Referring to Figs. 4 and 5 of the drawing, a broad band omni-polarized antenna system utilizing a flat image plane in accordance with the principles of this invention is shown comprising a flat circular metallic plane 60 on which is mounted four terminated modified rhombic antenna units 61-64. Each unit is mounted on plane 60 as explained heretofore with respect to Figs. 2 and 3. Each antenna unit 61-64 is mounted at an angle with respect to the vertical and thus the polarization vector of each element can be resolved into a vertical and horizontal component. It is thus obvious that antenna units 61-64 are sensitive to both vertically and horizontally polarized waves. As will be understood by those familiar with the art, diagonally opposite antenna elements may employ the same type of crystal holder enabling two types of crystal holders to be utilized in order to obtain high antenna efliciency over a wide frequency range. The entire assembly may be enclosed within a weather-proof dome shaped plastic case which can be fastened to the image plane 60. It will be understood, of course, that the material for any cover for the antenna system shown must be transparent to the electromagnetic waves to be received by the antenna system.

Referring to Figs. 6 and 7 of the drawing, a broad band omni-polarized antenna system adapted for flush mounting in accordance with the principles of this invention is shown comprising a plurality of terminated modified rhombic antenna units 70-73. Each antenna unit comprises a flat substantially diamond shaped metallic element mounted in a manner as explained heretofore with respect to Figs. 2 and 3. A shaped metallic image plane 74 is provided. The shaping of the image plane 74 is arranged to compensate for the flat configuration of each antenna unit 70-73. The sunken apex 74 of the image plane 74 rearward of each antenna element has an angle which can be compared to the angle of the antenna unit shown in Fig. 3. The curvature of the image plane 74 is designed to maintain a substantially constant impedance between the ends of the major axis of the antenna units '70-73. Due to the flat characteristic of the antenna units 70-73 a weather-proof flat plastic cover can be fastened over the antenna system for protection. Since the outer configuration of the antenna unit is flat the antenna system may be mounted flush with its surrounding surface.

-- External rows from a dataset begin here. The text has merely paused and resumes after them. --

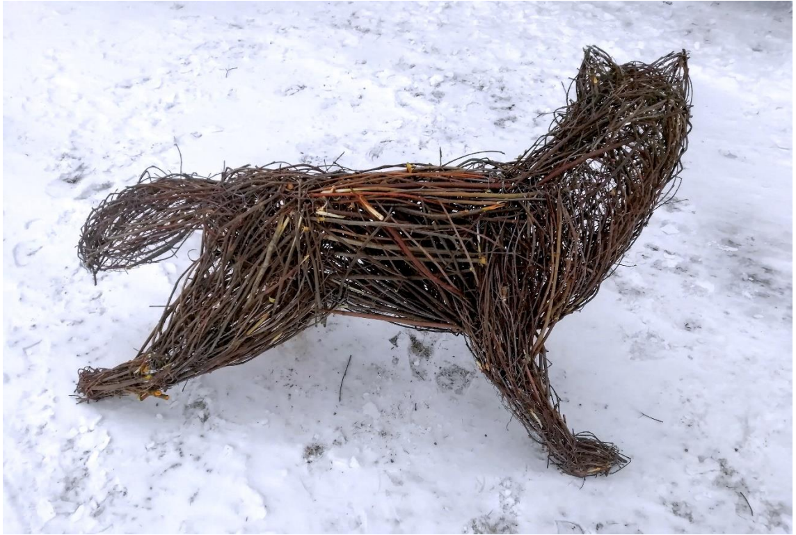
Kuva 6. Runko täytetty oksilla (Ahvenainen 2020)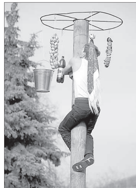
Горячий и сильный парень лезет за баранками.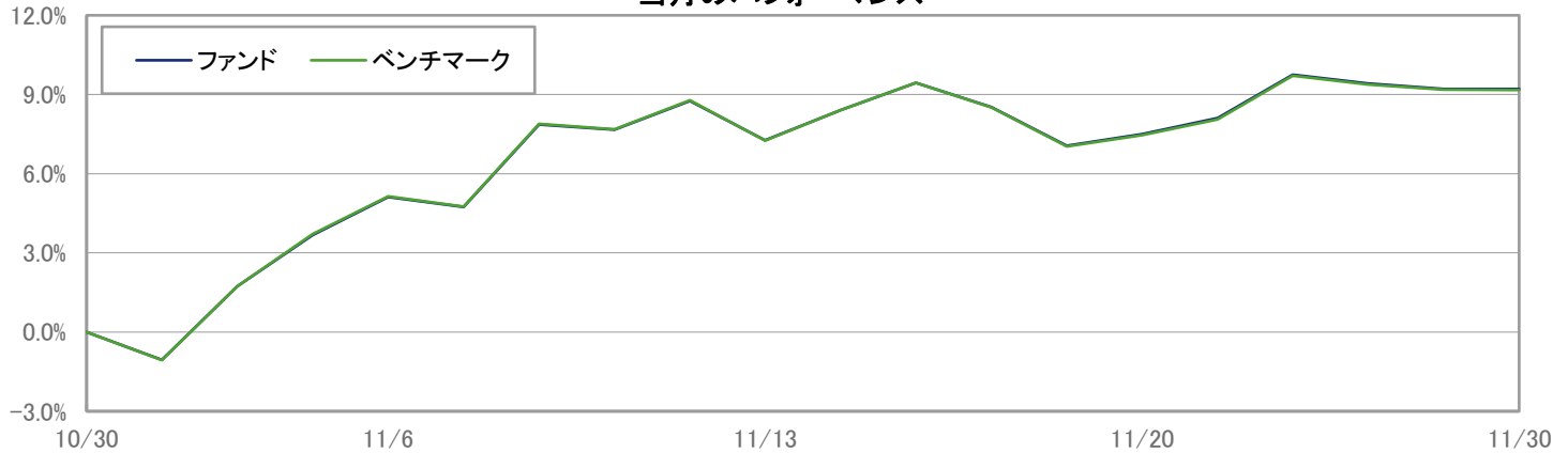
当月のパフォーマンス

※ 上記のグラフは過去のものであり、将来の運用成果を保証するものではありません。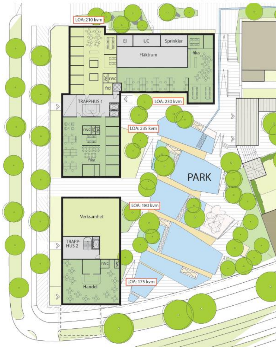
KONTOR - FLERA HYRESGÄSTER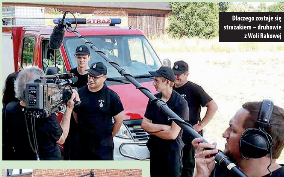
Dlaczego zostaje się strażakiem – druhowie z Woli Rakowej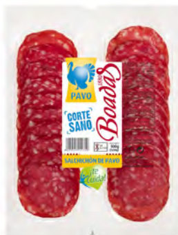
Salchichón de Pavo Cont. Net.: 100g (2x50g)

Referring to Figs. 8 and 9 of the drawing, a broad band omni-polarized antenna system in accordance with the principles of this invention is shown comprising a substantially rectangular image plane 80 on which is mounted four terminated modified rhombic antenna units 81-84. Each antenna unit 81-84 is mounted at an angle to the vertical axis of the system so that the polarization vector of each element can be resolved into a vertical and horizontal component making the antenna system sensitive to both vertical and horizontal polarized waves. Shown in Fig. 9 each antenna element 81-84 has one end terminated by a metallic stud 85 insulated from the image plane The resistor 86 is coupled from metallic stud to a metallic stud 86' which is connected to one plate 87 of a capacitor 88. The other plate of capacitor 88 is formed by the image plane 80 spaced from plate 87 by a dielectric layer 89. Coupled from post 86' is the equalizing network 90 comprising resistor 91 and capacitor 92 in parallel. The outputs from the equalizing network of each of the antenna units 81-84 are coupled to the inner conductor of a coaxial output connector 95. The other end of each of the antenna units 81-84 is coupled to a crystal held within a crystal holder. The cathode of each crystal holder is grounded as hereinbefore explained.

While we have described above the principles of our invention in connection with specific apparatus, it is to be clearly understood that this description is made only by way of example and not as a limitation to the scope of our invention as set forth in the objects thereof and in the accompanying claims.

We claim:

1. A broad band omni-polarized antenna system comprising a plurality of substantially rhomboidal shaped metal sheet antennas each having the termination points of its major axis lying in a given plane, said antennas be ing angularly disposed with respect to each other so that an extension of their major axis intersect, means providing a reflective ground plane surface in adjacent spaced relation to each of said antennas, the reflective surface being located onone side of said plane, the spacing between said reflective surface and the metal sheet forming each antenna being varied between the terminals of the antenna to introduce vertical and horizontal polarization radiation characteristics, a plurality of detectors each coupled between one end of the major axis of each of said antennas and said ground plane, means to terminate each of said antennas in a resistive load at the other end of said major axis, means to couple a capacitive impedance between said resistive load and said ground plane, a plurality of equalizing networks, each having one end coupled to a point between said resistive load and said capacitive impedance and means to couple in parallel the other end of each of said equalizing networks.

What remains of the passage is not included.